- Born: Dorothy Eugenia Miner November 4, 1904 New York City, New York, United States
- Died: May 12, 1973 (aged 68) Baltimore, Maryland, United States
- Occupations: Art historian Curator Librarian
- Relatives: Dwight C. Miner (twin brother) Dorothy Miner (niece)

Academic background
- Alma mater: Barnard College Columbia University
- Doctoral advisor: Meyer Schapiro
- Influences: Belle da Costa Greene

= Dorothy Miner (historian) =

American art historian (1904–1973)

Dorothy Eugenia Miner (November 4, 1904 – May 12, 1973) was an American art historian, curator, and librarian who was a scholar of medieval art. Miner served as the first Keeper of Manuscripts at the Walters Art Museum from 1934 to 1973.

==Career==
Miner was born to Roy Waldo Miner, who was Curator of Marine Life at the American Museum of Natural History, and Anna Elizabeth Carroll. Miner was of British and Irish descent from her father's and mother's side, respectively. She was a fraternal twin with her brother, Dwight C. Miner, who became a history professor at Columbia University. Born in New York City, she graduated from the local Horace Mann School in 1922. Miner then received a Bachelor of Arts in English and Classics from Barnard College in 1926, was a member of Phi Beta Kappa, and became the first International Fellow, studying abroad at Bedford College of the University of London. Two years later, she began pursuing a Doctor of Philosophy in Art History at Columbia, under Meyer Schapiro, but never completed the program. In 1931, Miner was hired to teach the subject at Barnard.

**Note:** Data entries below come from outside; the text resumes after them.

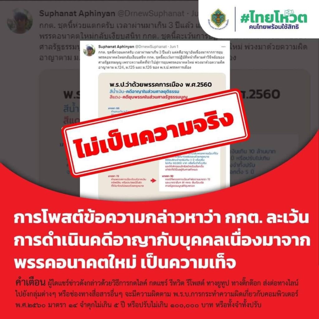 นอกจากนี้ยังชี้แจงกรณีผู้ใช้ชื่อบัญชีว่า “Suphanat Aphinyan” โพสต์ทวิตเตอร์ กล่าวหาว่า “กกต. ชุดนี้ห่วยแตกครับ เวลาผ่านมาเกิน 3 ปีแล้ว แต่คดีอาญาอันเนื่องมาจากการยุบพรรคอนาคตใหม่กลับเงียบสนิท กกต. ชุดนี้ละเว้นการปฏิบัติหน้าที่ตามคำวินิจฉัยของศาลรัฐธรรมนูญ เพราะความผิดที่นำไปสู่การยุบพรรคอนาคตใหม่ พ่วงมาด้วยความผิดอาญาตาม ม.124, ม.125 และ ม.126 ของ พ.ร.ป.พรรคการเมือง” โดยชี้แจงว่า ข้อความดังกล่าวเป็นความเท็จ เมื่อศาลรัฐธรรมนูญมีคำวินิจฉัยให้ยุบพรรคอนาคตใหม่ กกต. ได้มีมติให้ดำเนินคดีอาญากับผู้ดำรงตำแหน่งในพรรคอนาคตใหม่ จำนวน 16 คน โดยแจ้งความร้องทุกข์ต่อพนักงานสอบสวน สถานีตำรวจนครบาลมักกะสัน และ พนักงานสอบสวนได้รับคำร้องทุกข์ คดีอาญาที่ 403/2564 ดำเนินการให้เป็นไปตาม พ.ร.ป. ว่าด้วยพรรคการเมือง พ.ศ. 2560 เป็นที่เรียบร้อยแล้ว คาดว่า พนักงานสอบสวน สามารถดำเนินการสอบสวนให้เสร็จสิ้นได้ ภายในระยะเวลาอันใกล้นี้ ดังนั้น กกต. จึงไม่ได้ละเว้นการดำเนินคดีอาญากับผู้ดำรงตำแหน่งในพรรคอนาคตใหม่ จำนวน 16 คน และ กกต. ได้ดำเนินคดีอาญากับบุคคลทุกคนที่กระทำความผิดกฎหมายเกี่ยวกับการเลือกตั้งและพรรคการเมือง ไม่ว่าบุคคลนั้นจะเป็นสมาชิกหรือผู้ดำรงตำแหน่งในพรรคการเมืองใดๆ โดยไม่มีการละเว้นแต่อย่างใด ทั้งสิ้น
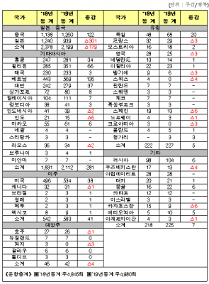 반면, 일본의 수출규제 조치 이후 방일 관광객 감소에 따라 일본노선은 2018년 동계대비 약 24% 대폭 감소해 2018년 동계기간 이후 유지하던 운항횟수 1위에서 1년 만에 밀려났다.
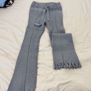 Soft gray knit pajama pants. Features a drawstring waist and unique hem design.
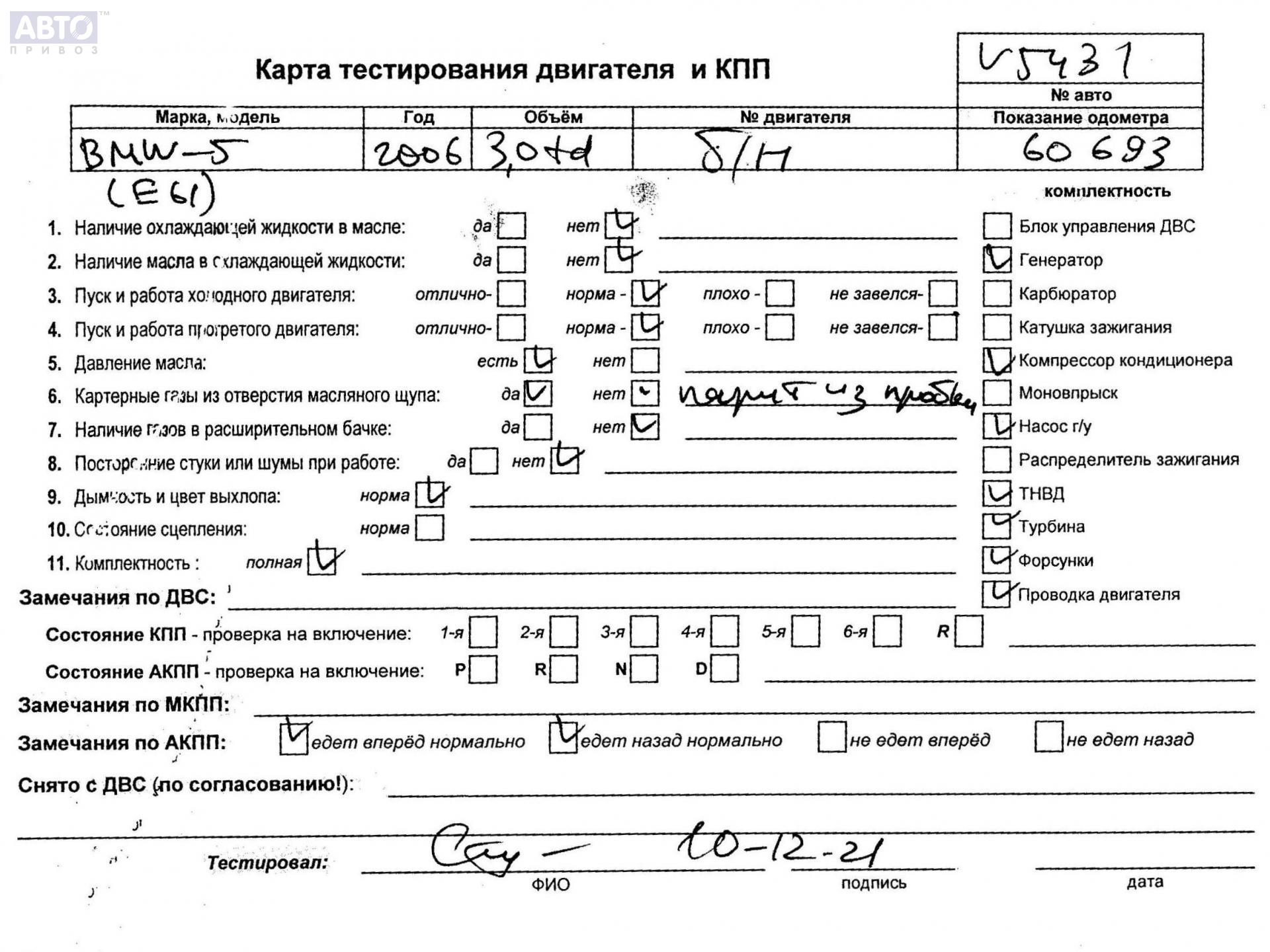| Марка / Модель / Год: | BMW 5 E60/E61 (2003-2010) 2006 |
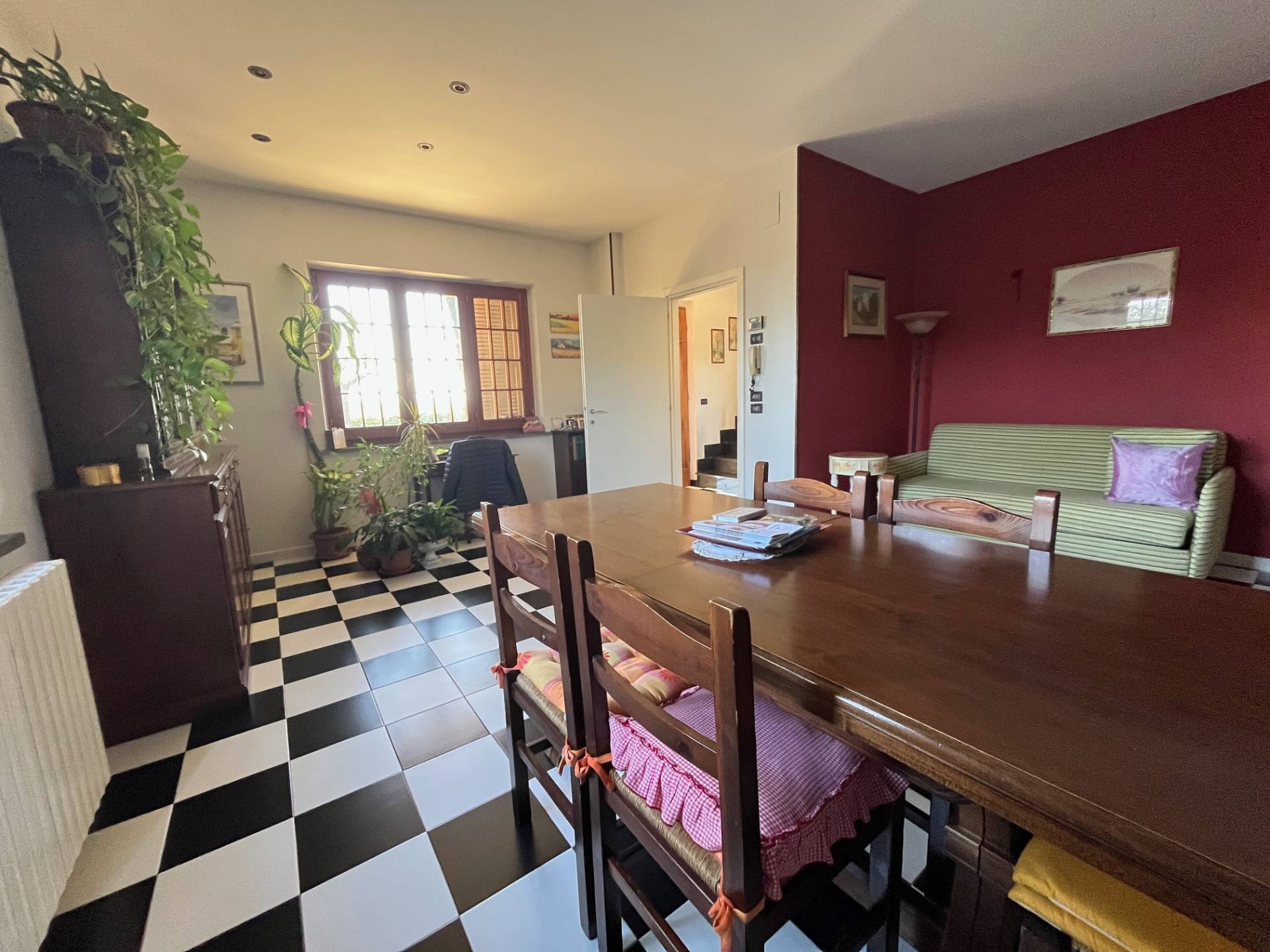 - al piano terra da ingresso su disimpegno, ampio salone doppio con angolo cottura, bagno di servizio, ripostiglio oltre scala di accesso al piano superiore;
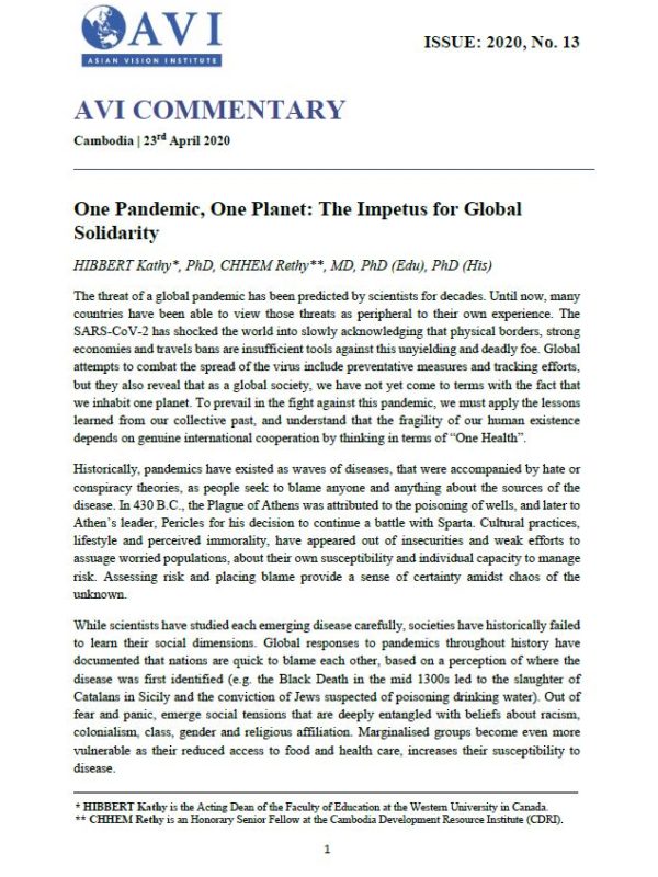 AVI COMMENTARY ISSUE: 2020, No. 13 | One Pandemic, One Planet: The Impetus for Global Solidarity

In 1933, the Morgan Library & Museum hired Miner to assist with the cataloging of the first exhibition in the United States devoted to illuminated manuscripts. In 1934, upon the recommendation of Morgan Library director Belle da Costa Greene, Miner became the first Keeper of Manuscripts at the Walters Art Museum, and eventually held the simultaneous position of Curator of Islamic and Near Eastern Art until her death from cancer in 1973. Her main expertise was in Western medieval manuscripts, and she had interests in Sasanian, Islamic, and Persian art as well.

In 1955 she was the Rosenbach Fellow in Bibliography at the University of Pennsylvania.

In 1981, Claire Richter Sherman published a retrospective on Miner's career. She was named an honorary member of the Society of Scribes & Illuminators.